**What the exercise asks**
Output exactly, in the material below, the lines from the one with "пост във Фейсбук." through the one with "Como es habitual, se". Omit all pictures.

**Data shown**
────────────────────
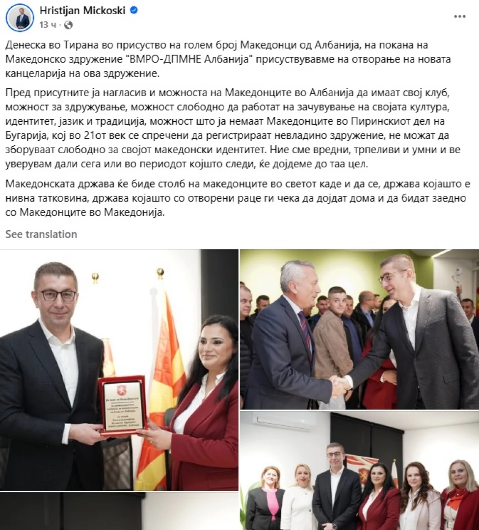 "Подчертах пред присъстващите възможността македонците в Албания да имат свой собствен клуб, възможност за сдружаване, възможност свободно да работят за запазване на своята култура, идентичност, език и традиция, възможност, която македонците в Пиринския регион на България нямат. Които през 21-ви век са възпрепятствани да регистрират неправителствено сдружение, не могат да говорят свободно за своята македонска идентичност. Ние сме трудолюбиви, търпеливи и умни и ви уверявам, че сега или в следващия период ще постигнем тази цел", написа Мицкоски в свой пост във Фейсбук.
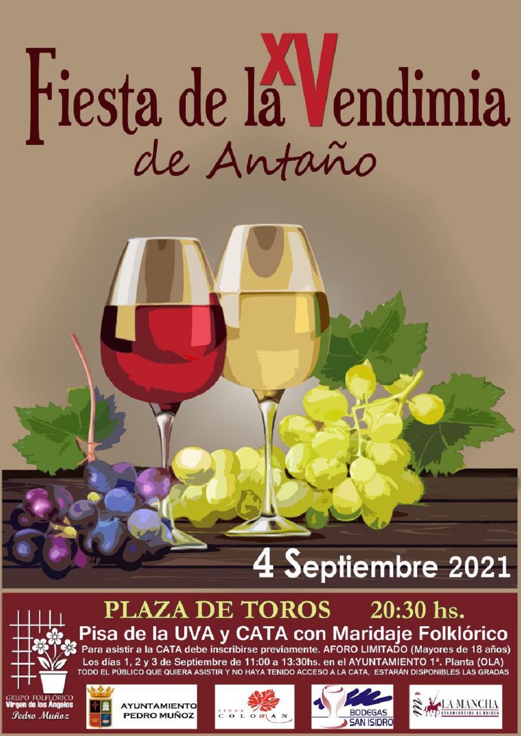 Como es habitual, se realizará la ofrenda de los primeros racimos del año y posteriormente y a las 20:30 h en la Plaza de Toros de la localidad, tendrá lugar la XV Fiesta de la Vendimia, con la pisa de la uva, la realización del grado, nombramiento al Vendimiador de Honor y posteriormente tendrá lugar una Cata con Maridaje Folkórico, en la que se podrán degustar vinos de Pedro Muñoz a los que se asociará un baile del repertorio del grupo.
────────────────────
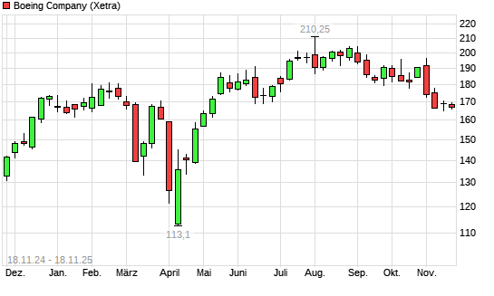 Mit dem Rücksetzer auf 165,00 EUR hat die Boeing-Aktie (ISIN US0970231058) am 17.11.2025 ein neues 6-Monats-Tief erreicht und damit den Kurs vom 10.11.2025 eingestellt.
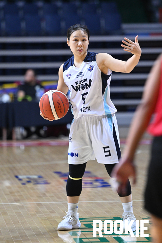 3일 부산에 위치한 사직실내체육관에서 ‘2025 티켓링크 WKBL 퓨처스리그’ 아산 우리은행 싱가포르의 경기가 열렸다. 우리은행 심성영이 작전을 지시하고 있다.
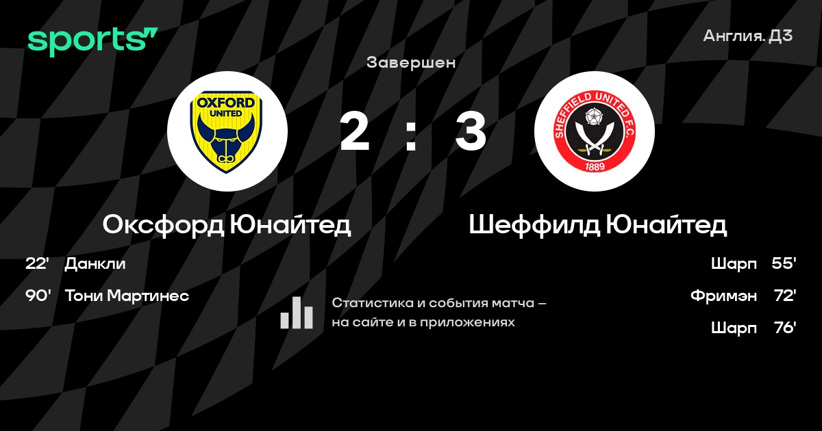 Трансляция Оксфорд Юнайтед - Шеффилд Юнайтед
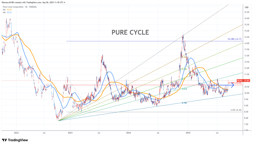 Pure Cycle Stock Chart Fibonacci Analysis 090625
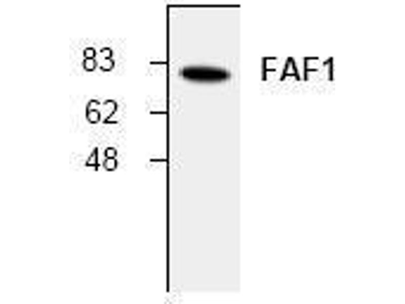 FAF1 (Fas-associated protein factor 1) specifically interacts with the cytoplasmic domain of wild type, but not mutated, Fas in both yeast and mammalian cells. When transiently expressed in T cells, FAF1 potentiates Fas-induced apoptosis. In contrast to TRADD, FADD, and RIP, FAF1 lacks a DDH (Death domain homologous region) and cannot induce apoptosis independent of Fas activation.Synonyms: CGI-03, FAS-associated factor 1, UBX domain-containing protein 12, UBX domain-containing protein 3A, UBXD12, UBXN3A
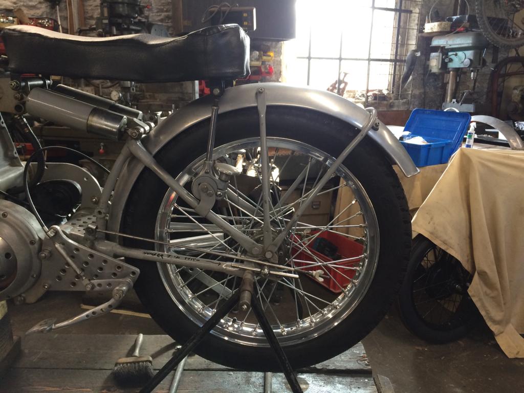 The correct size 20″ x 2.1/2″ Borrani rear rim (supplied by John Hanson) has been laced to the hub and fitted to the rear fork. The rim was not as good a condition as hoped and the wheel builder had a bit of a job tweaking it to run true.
────────────────────
**Task response**
 "Подчертах пред присъстващите възможността македонците в Албания да имат свой собствен клуб, възможност за сдружаване, възможност свободно да работят за запазване на своята култура, идентичност, език и традиция, възможност, която македонците в Пиринския регион на България нямат. Които през 21-ви век са възпрепятствани да регистрират неправителствено сдружение, не могат да говорят свободно за своята македонска идентичност. Ние сме трудолюбиви, търпеливи и умни и ви уверявам, че сега или в следващия период ще постигнем тази цел", написа Мицкоски в свой пост във Фейсбук.
 Como es habitual, se realizará la ofrenda de los primeros racimos del año y posteriormente y a las 20:30 h en la Plaza de Toros de la localidad, tendrá lugar la XV Fiesta de la Vendimia, con la pisa de la uva, la realización del grado, nombramiento al Vendimiador de Honor y posteriormente tendrá lugar una Cata con Maridaje Folkórico, en la que se podrán degustar vinos de Pedro Muñoz a los que se asociará un baile del repertorio del grupo.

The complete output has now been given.